Without including any images, output the listing below exactly.

• _GIVEN INFORMATION_
§

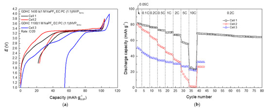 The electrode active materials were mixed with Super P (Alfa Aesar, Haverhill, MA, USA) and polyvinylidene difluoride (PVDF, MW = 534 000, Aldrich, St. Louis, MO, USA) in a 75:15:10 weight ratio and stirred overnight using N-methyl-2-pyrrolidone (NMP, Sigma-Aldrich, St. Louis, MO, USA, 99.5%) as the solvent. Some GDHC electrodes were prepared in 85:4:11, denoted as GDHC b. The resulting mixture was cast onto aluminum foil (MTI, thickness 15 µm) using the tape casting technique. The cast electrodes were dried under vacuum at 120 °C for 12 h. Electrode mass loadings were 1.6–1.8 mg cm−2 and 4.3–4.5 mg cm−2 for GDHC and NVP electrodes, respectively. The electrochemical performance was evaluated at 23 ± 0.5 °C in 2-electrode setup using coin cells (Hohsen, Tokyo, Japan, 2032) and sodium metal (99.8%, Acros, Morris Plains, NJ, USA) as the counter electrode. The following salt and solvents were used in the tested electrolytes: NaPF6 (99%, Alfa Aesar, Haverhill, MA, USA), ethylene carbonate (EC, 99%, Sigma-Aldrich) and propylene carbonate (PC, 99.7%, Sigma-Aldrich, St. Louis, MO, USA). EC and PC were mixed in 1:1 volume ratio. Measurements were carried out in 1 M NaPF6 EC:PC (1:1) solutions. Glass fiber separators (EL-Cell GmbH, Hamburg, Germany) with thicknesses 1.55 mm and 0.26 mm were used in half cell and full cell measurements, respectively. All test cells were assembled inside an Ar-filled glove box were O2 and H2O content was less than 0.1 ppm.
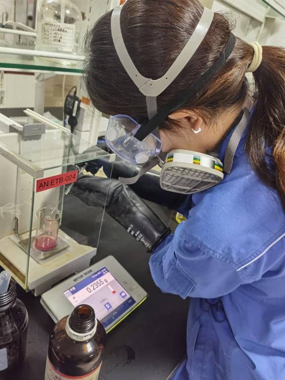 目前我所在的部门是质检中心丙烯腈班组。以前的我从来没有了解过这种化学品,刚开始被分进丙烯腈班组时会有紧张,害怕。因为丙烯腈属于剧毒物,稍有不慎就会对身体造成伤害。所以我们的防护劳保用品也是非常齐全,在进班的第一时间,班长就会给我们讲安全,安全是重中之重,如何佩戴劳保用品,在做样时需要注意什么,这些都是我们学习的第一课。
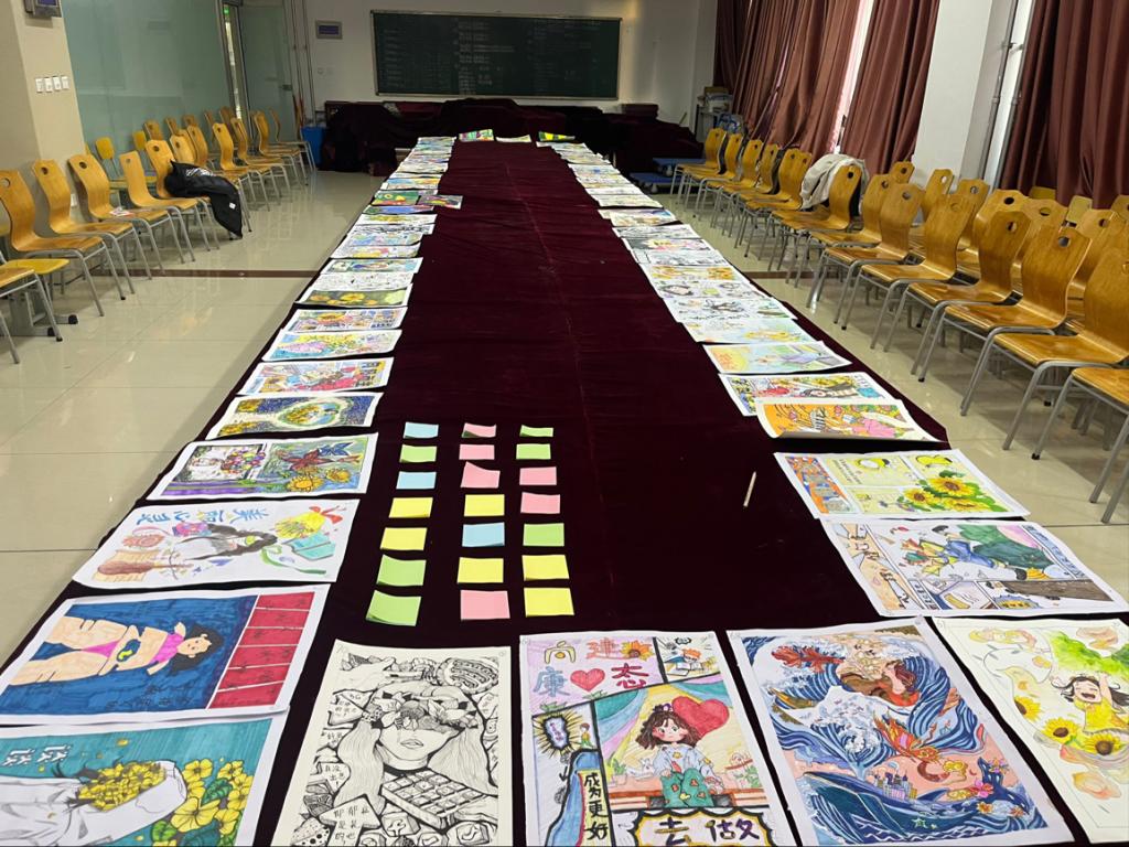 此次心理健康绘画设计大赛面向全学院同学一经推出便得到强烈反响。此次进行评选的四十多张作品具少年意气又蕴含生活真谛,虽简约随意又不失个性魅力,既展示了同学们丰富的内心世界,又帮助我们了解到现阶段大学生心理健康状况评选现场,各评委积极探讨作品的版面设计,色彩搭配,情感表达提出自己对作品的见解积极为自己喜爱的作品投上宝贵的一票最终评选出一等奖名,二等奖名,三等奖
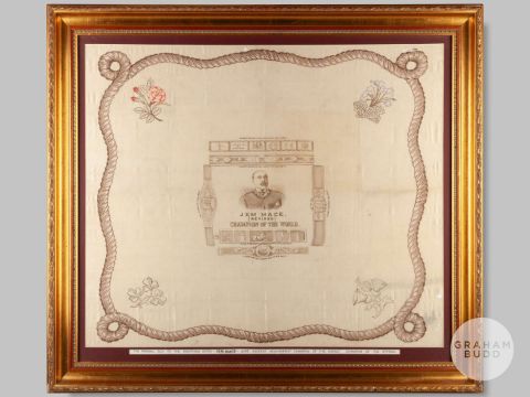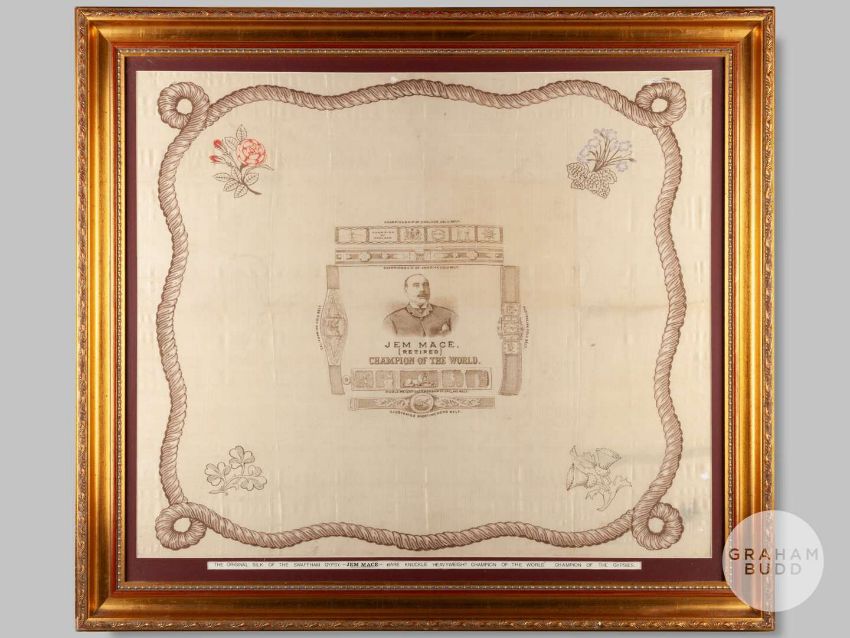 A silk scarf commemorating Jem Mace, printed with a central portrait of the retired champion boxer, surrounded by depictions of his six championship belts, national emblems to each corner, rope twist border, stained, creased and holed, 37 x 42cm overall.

§

• _SOLVED EXERCISE_
 The electrode active materials were mixed with Super P (Alfa Aesar, Haverhill, MA, USA) and polyvinylidene difluoride (PVDF, MW = 534 000, Aldrich, St. Louis, MO, USA) in a 75:15:10 weight ratio and stirred overnight using N-methyl-2-pyrrolidone (NMP, Sigma-Aldrich, St. Louis, MO, USA, 99.5%) as the solvent. Some GDHC electrodes were prepared in 85:4:11, denoted as GDHC b. The resulting mixture was cast onto aluminum foil (MTI, thickness 15 µm) using the tape casting technique. The cast electrodes were dried under vacuum at 120 °C for 12 h. Electrode mass loadings were 1.6–1.8 mg cm−2 and 4.3–4.5 mg cm−2 for GDHC and NVP electrodes, respectively. The electrochemical performance was evaluated at 23 ± 0.5 °C in 2-electrode setup using coin cells (Hohsen, Tokyo, Japan, 2032) and sodium metal (99.8%, Acros, Morris Plains, NJ, USA) as the counter electrode. The following salt and solvents were used in the tested electrolytes: NaPF6 (99%, Alfa Aesar, Haverhill, MA, USA), ethylene carbonate (EC, 99%, Sigma-Aldrich) and propylene carbonate (PC, 99.7%, Sigma-Aldrich, St. Louis, MO, USA). EC and PC were mixed in 1:1 volume ratio. Measurements were carried out in 1 M NaPF6 EC:PC (1:1) solutions. Glass fiber separators (EL-Cell GmbH, Hamburg, Germany) with thicknesses 1.55 mm and 0.26 mm were used in half cell and full cell measurements, respectively. All test cells were assembled inside an Ar-filled glove box were O2 and H2O content was less than 0.1 ppm.
 目前我所在的部门是质检中心丙烯腈班组。以前的我从来没有了解过这种化学品,刚开始被分进丙烯腈班组时会有紧张,害怕。因为丙烯腈属于剧毒物,稍有不慎就会对身体造成伤害。所以我们的防护劳保用品也是非常齐全,在进班的第一时间,班长就会给我们讲安全,安全是重中之重,如何佩戴劳保用品,在做样时需要注意什么,这些都是我们学习的第一课。
 此次心理健康绘画设计大赛面向全学院同学一经推出便得到强烈反响。此次进行评选的四十多张作品具少年意气又蕴含生活真谛,虽简约随意又不失个性魅力,既展示了同学们丰富的内心世界,又帮助我们了解到现阶段大学生心理健康状况评选现场,各评委积极探讨作品的版面设计,色彩搭配,情感表达提出自己对作品的见解积极为自己喜爱的作品投上宝贵的一票最终评选出一等奖名,二等奖名,三等奖
 A silk scarf commemorating Jem Mace, printed with a central portrait of the retired champion boxer, surrounded by depictions of his six championship belts, national emblems to each corner, rope twist border, stained, creased and holed, 37 x 42cm overall.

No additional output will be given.